DSPy review 2026: Stanford NLP framework for programming LLMs with automatic prompt and weight optimization — features, optimizer list, pros, cons.
DSPy review 2026: Stanford NLP framework for programming LLMs with automatic prompt and weight optimization — features, optimizer list, pros, cons.
DSPy is a research-grade Python framework from the Stanford NLP group that treats LLM applications as programs to be written and compiled, not prompts to be hand-tuned. You declare your task using Signatures (typed input/output specs) and compose modules like Predict, ChainOfThought, ReAct, MultiChainComparison, and Retrieve into a pipeline. Then, instead of editing prompts manually, you hand DSPy a small set of labeled examples and a metric, and the built-in optimizers (BootstrapFewShot, MIPROv2, BootstrapFinetune, COPRO) search over prompts, few-shot demonstrations, and even fine-tuning data to maximize your metric on any underlying model.
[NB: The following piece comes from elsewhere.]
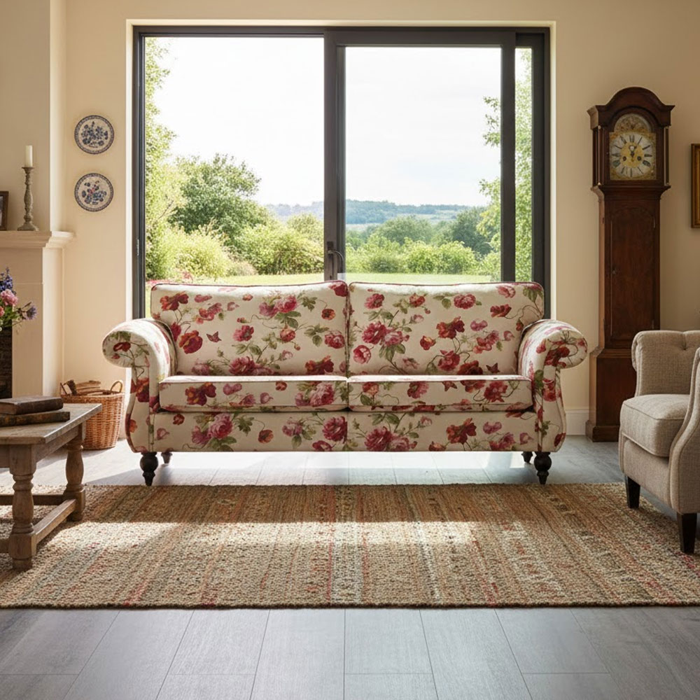 Door de bank te bekleden in een bloemstof krijgt de bank een mooie Engelse uitstraling.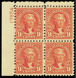590, Mint NH 9¢ Plate Block of Four Stamps CV $225 * Stuart Katz

The result is a compiled program where the prompts are generated by the framework and updated automatically when you swap models. DSPy works with OpenAI, Anthropic, Gemini, Mistral, Together, Databricks, Ollama, and local models via LiteLLM, and integrates with most vector databases for retrieval. It has become the standard reference framework for serious LLM engineering at companies like Databricks, JetBlue, Replit, and Haize Labs, particularly for complex multi-step pipelines where manual prompt tuning is intractable. DSPy is free and open source under MIT, maintained by Stanford and Databricks researchers. There is no managed service; you bring your own model API keys.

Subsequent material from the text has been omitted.